PROBLEM TO SOLVE:
In the records below, reproduce exactly the lines from the one containing "Шампунь Сьёсс Full" through the one containing "- 10 m² (1,50", both included, and omit the pictures.

SUPPLIED ENTRIES:
────────
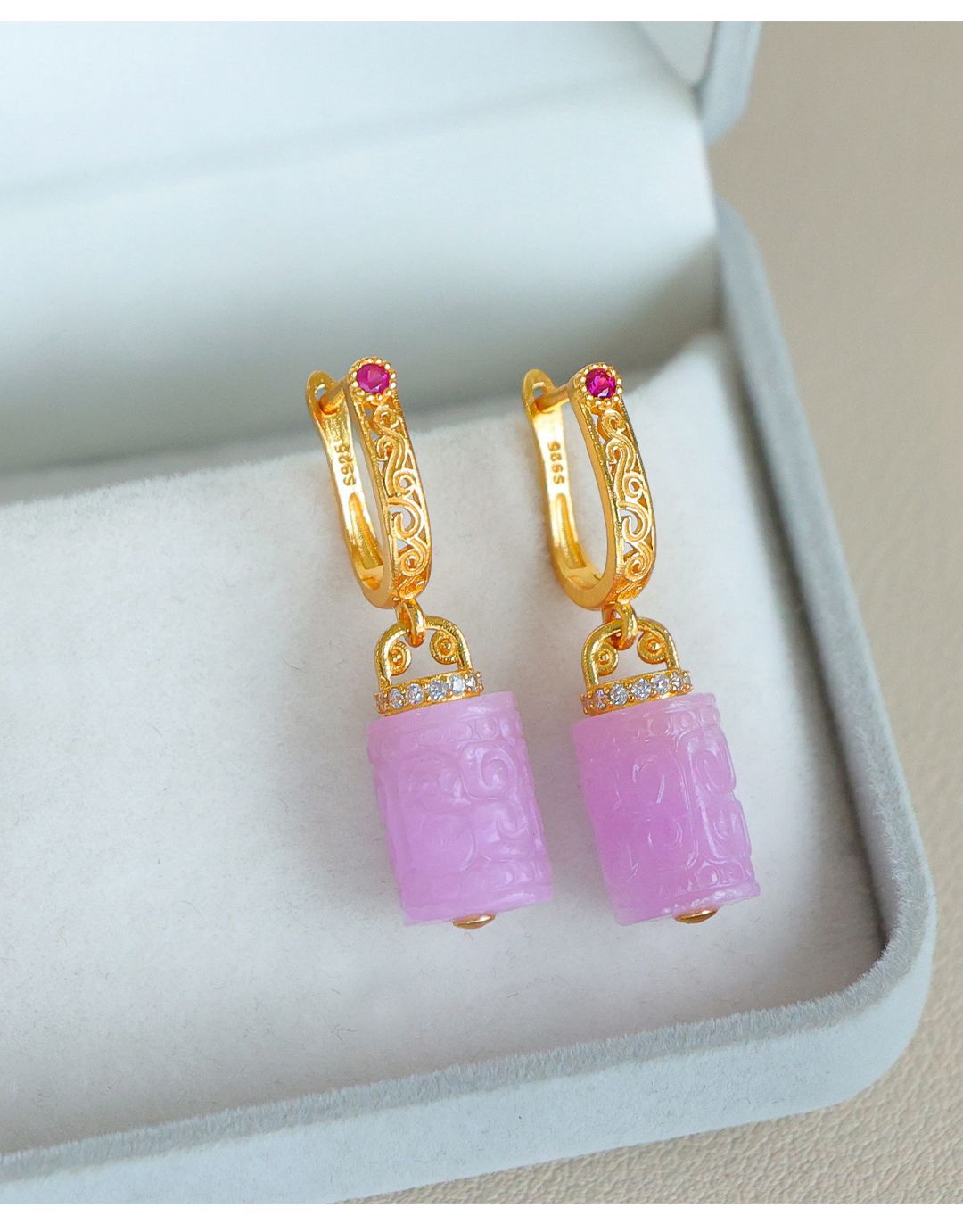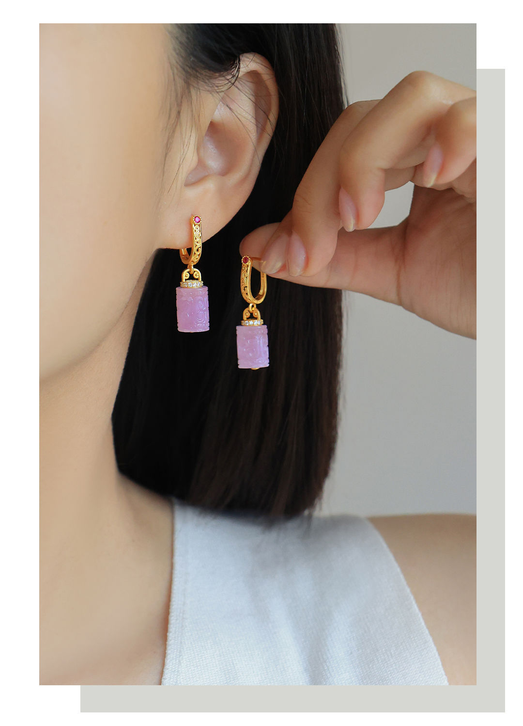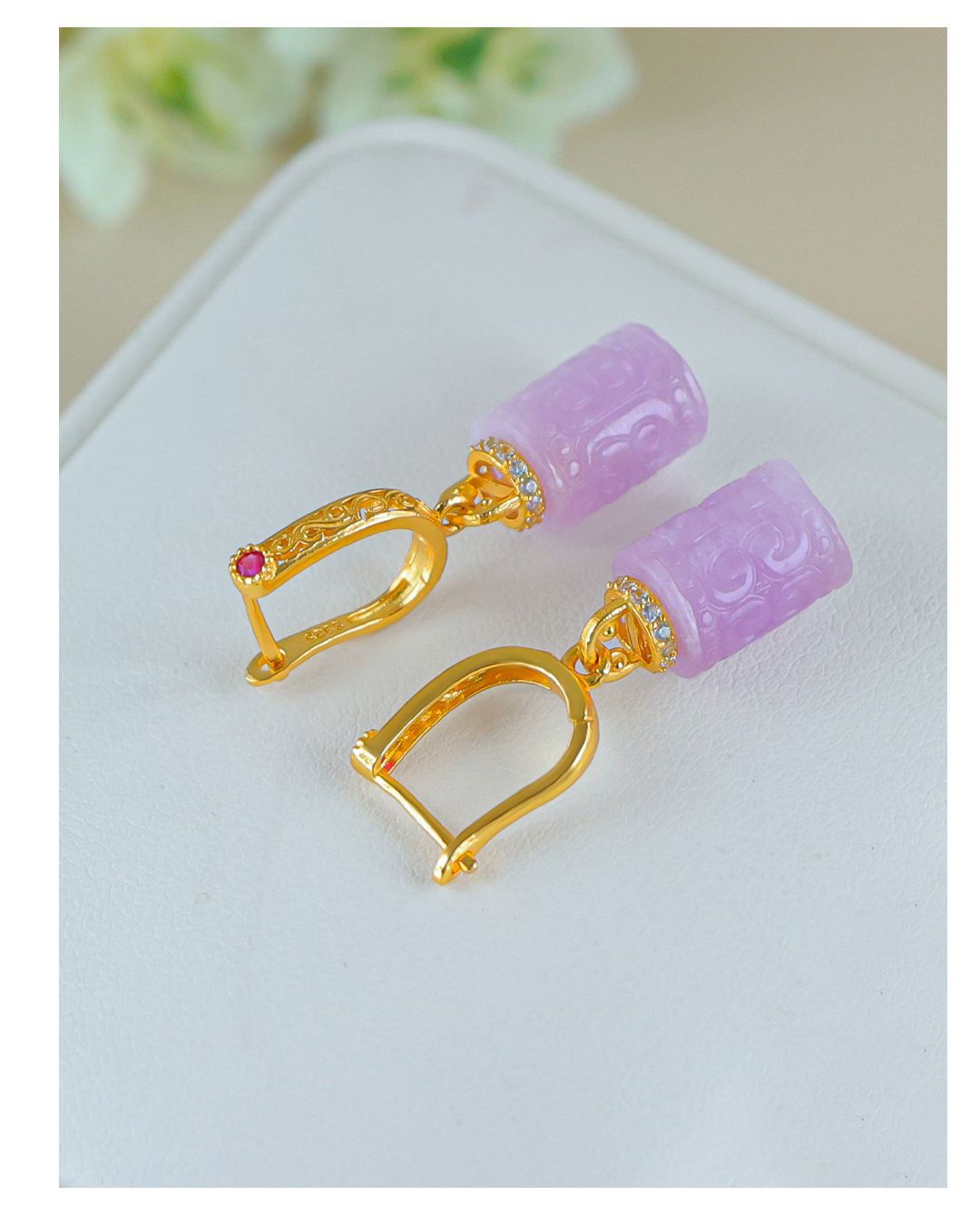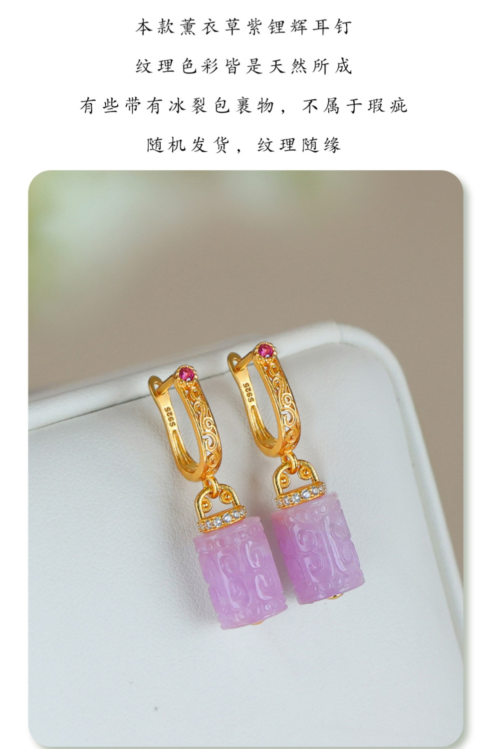 Натуральный фиолетовый литий серьги женские позолоченные бусины барабанные серьги древний стиль новый китайский стиль серьги без шрамов
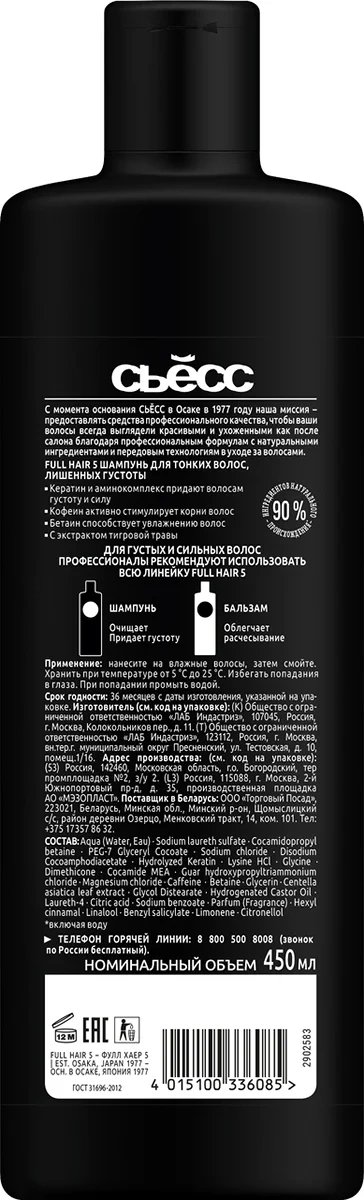 Шампунь Сьёсс Full Hair 5 для тонких волос лишенных густоты, 5-кратный эффект, 450мл
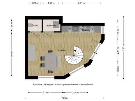 - 10 m² (1,50 meter diep en 7,00 meter breed)
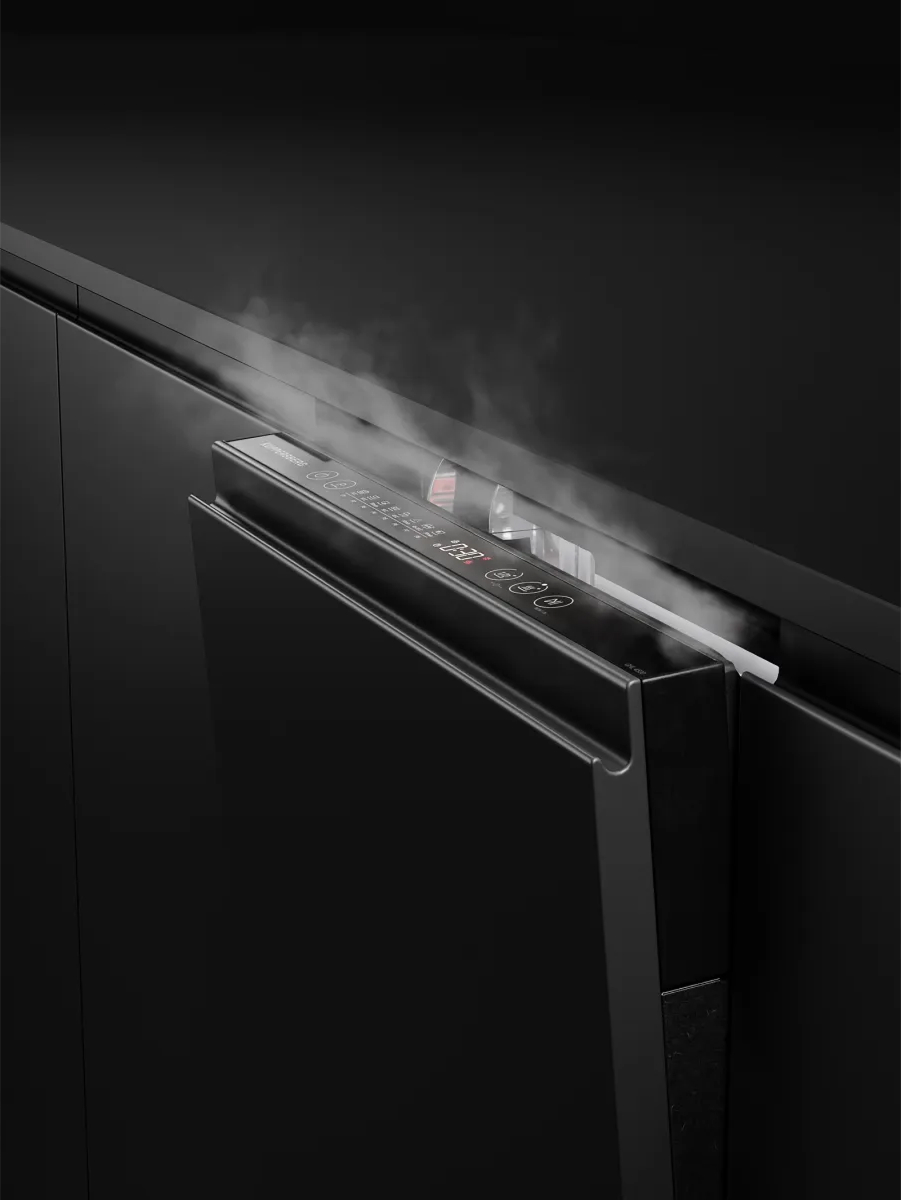 Полностью встраиваемая — посудомоечная машина закрыта мебельным фасадом, панель управления не на виду. Это повышает безопасность работы и облегчает подбор техники под дизайн кухни.
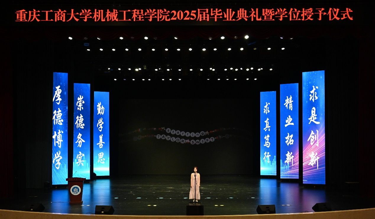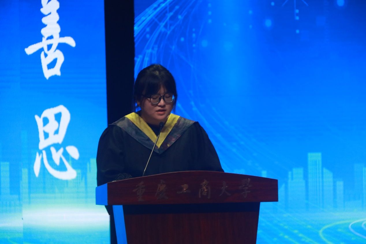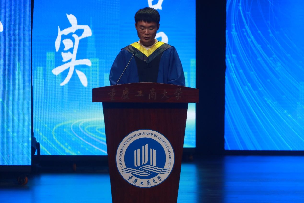 重庆市 “优秀毕业生”、2021 级智能制造一班唐蕊同学作为本科生代表发言,她分享了大学时光的成长与收获,表达了对母校和老师的感恩之情。重庆市 “三好员工”、2022 级硕士研究生徐永航同学则代表硕士研究生发言,回顾了研究生阶段的青春岁月,鼓励同学们勇敢奔赴未来。
────────
ANSWER TO THIS EXERCISE:
 Шампунь Сьёсс Full Hair 5 для тонких волос лишенных густоты, 5-кратный эффект, 450мл
 - 10 m² (1,50 meter diep en 7,00 meter breed)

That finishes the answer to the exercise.